* [About this task] Your task is to transcribe the data exactly while omitting each picture.

--- Material provided Enclosed Below ---

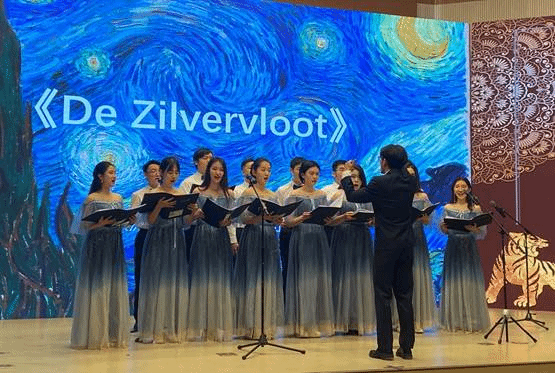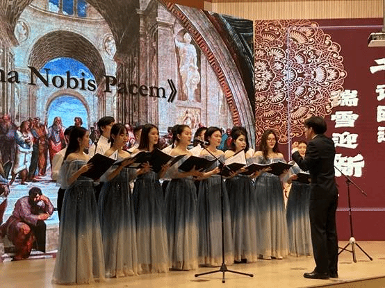 “心神无俗累,歌咏有新声”。接着是欧洲语言文化学院合唱团为大家带来的多曲目合唱《De Zilvervloot》《茉莉花》《De Tempestate》《Dona Nobis Pacem》,气息绵远、共鸣和谐,协调一致、富于变化,牵动着观众的情感。中国民谣的清新、外国歌曲的典雅在合唱中展现的淋漓尽致。观众们沉浸在声部起伏中,如闻空谷兰香,回味良久。
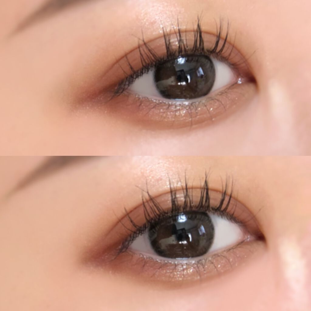 これを塗るのと塗らないのとでは本当に仕上がりが全然違って、粘性のある液がまつ毛に束感を出してくれるのでビューラーする時自然に扇状にセパレートしてくれます…! ビューラーの角度は斜めで、下に少し引っ張るように(※まつ毛が抜けないよう優しく!)、根元・中間・毛先に分けてビューラーします。これを大体3〜4回繰り返します! これを塗るとカールキープ力がすごく上がる…!ユニバで開園から閉園間際まで大はしゃぎしても全然下がりませんでした! 余分な液がついているとその重さで下がりやすくなってしまうため、マスカラコームでまつ毛を梳かしていきます! 上まつ毛に2度塗り、下まつ毛に1度塗りします。私は求心顔を緩和させたいので目頭側には塗らず、目尻側を中心に塗っています。
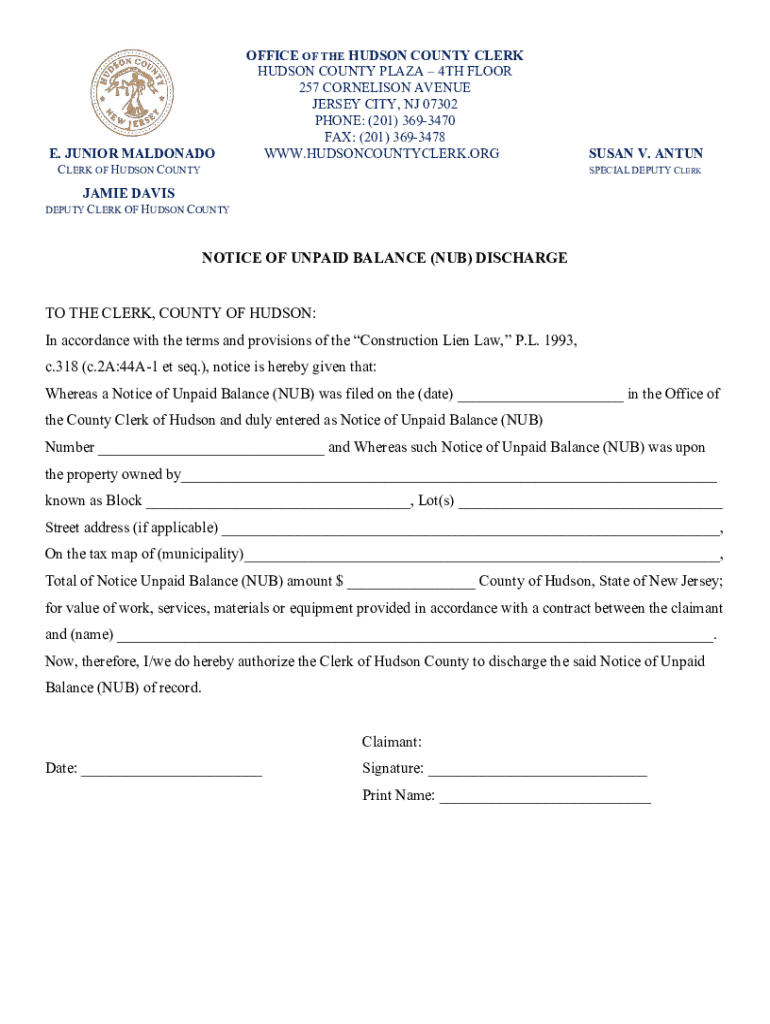 Este formulario se utiliza para autorizar al secretario del condado de Hudson a descargar un Aviso de Saldo Pendiente (NUB) relacionado con un trabajo, servicios, materiales o equipos proporcionados

--- End of Enclosed Material provided ---

* [Task answer]
 “心神无俗累,歌咏有新声”。接着是欧洲语言文化学院合唱团为大家带来的多曲目合唱《De Zilvervloot》《茉莉花》《De Tempestate》《Dona Nobis Pacem》,气息绵远、共鸣和谐,协调一致、富于变化,牵动着观众的情感。中国民谣的清新、外国歌曲的典雅在合唱中展现的淋漓尽致。观众们沉浸在声部起伏中,如闻空谷兰香,回味良久。
 これを塗るのと塗らないのとでは本当に仕上がりが全然違って、粘性のある液がまつ毛に束感を出してくれるのでビューラーする時自然に扇状にセパレートしてくれます…! ビューラーの角度は斜めで、下に少し引っ張るように(※まつ毛が抜けないよう優しく!)、根元・中間・毛先に分けてビューラーします。これを大体3〜4回繰り返します! これを塗るとカールキープ力がすごく上がる…!ユニバで開園から閉園間際まで大はしゃぎしても全然下がりませんでした! 余分な液がついているとその重さで下がりやすくなってしまうため、マスカラコームでまつ毛を梳かしていきます! 上まつ毛に2度塗り、下まつ毛に1度塗りします。私は求心顔を緩和させたいので目頭側には塗らず、目尻側を中心に塗っています。
 Este formulario se utiliza para autorizar al secretario del condado de Hudson a descargar un Aviso de Saldo Pendiente (NUB) relacionado con un trabajo, servicios, materiales o equipos proporcionados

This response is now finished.